Diethysuccinate as a novel therapeutic for IPF

Idiopathic pulmonary fibrosis (IPF) is a chronic, progressive lung disease where healthy lung tissue is replaced by scar tissue. This is accompanied by a steady deterioration in lung function and ultimately leads to respiratory failure and death. Although lung transplantation is an option, there is only a limited number of suitable donor lungs available, and not all patients are eligible for this procedure. Currently, there are only two approved drugs that can slow the disease progression, but they are not curative and do not improve survival. Diethyl succinate (DES) is a chemical modification of succinate which, unlike the latter, is able to penetrate cell membranes. This project aims to clarify whether DES has antifibrotic effects and how these are mediated. To answer this question, we will conduct a series of experiments.
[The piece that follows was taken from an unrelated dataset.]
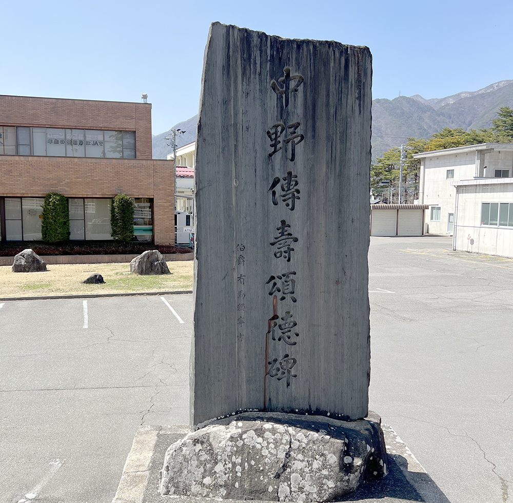 立派な石碑で碑面は、彫が深く「中野傳壽頌徳碑 伯爵有馬賴寧󠄀書」とある。裏面は、中野傳壽が波多村での産業組合活動を活性化し、さらに保證責任組合へと進展させて、日本農村建設の理想を追求した精神の業績を讃えて頌徳するという内容であった。建立主 保證責任波多信用購買販売利用組合とあり、建設委員35名の姓名と外組合員1080名と刻まれている。なかなか見事な石碑で、昭和18年12月の日付がある。書を書いたとされる有馬賴寧󠄀(よりやす)伯爵(1884—1957)は、有馬家の第15代当主で日本の政治家、農政学者、篤志家である。日本中央競馬会にて行われるGⅠ競走「有馬記念」の名前は有馬頼寧に由来する。夜間学校の開校、女子教育、農民の救済や部落解放運動、震災義捐などの社会活動に広く活躍し、農山漁村文化協会の初代会長や日本農民組合の創立にも関わった。1937年に第1次近衛内閣の農林大臣となった。

We will treat lung fibroblasts- the cells that form scar tissue- isolated from IPF patients with DES and examine whether this leads to a normalization of these cells and to a healthier behaviour (e.g. reduced collagen secretion). In addition, we will also test the effects of DES in other cells that may also contribute to the development of fibrosis. We will also investigate whether DES can lead to relevant improvements in explanted lungs from fibrosis patients. In further experiments, we will test whether DES can also exert an antifibrotic effect in animal models. This is necessary because immune cells that have migrated from the blood are also thought to be involved in the development of fibrosis, and this cannot be adequately investigated in explanted lungs. Since DES has not been sufficiently characterized, we will also investigate its tolerability and the most important route of excretion and its metabolization in the organism. In addition, we will test cells and lung tissue from other fibrotic lung disease, to see whether DES effects are restricted to IPF or rather represent a general antifibrotic mechanism. Overall, the project therefore aims to establish a new therapeutic molecule in pulmonary fibrosis and to characterize it as precisely as possible.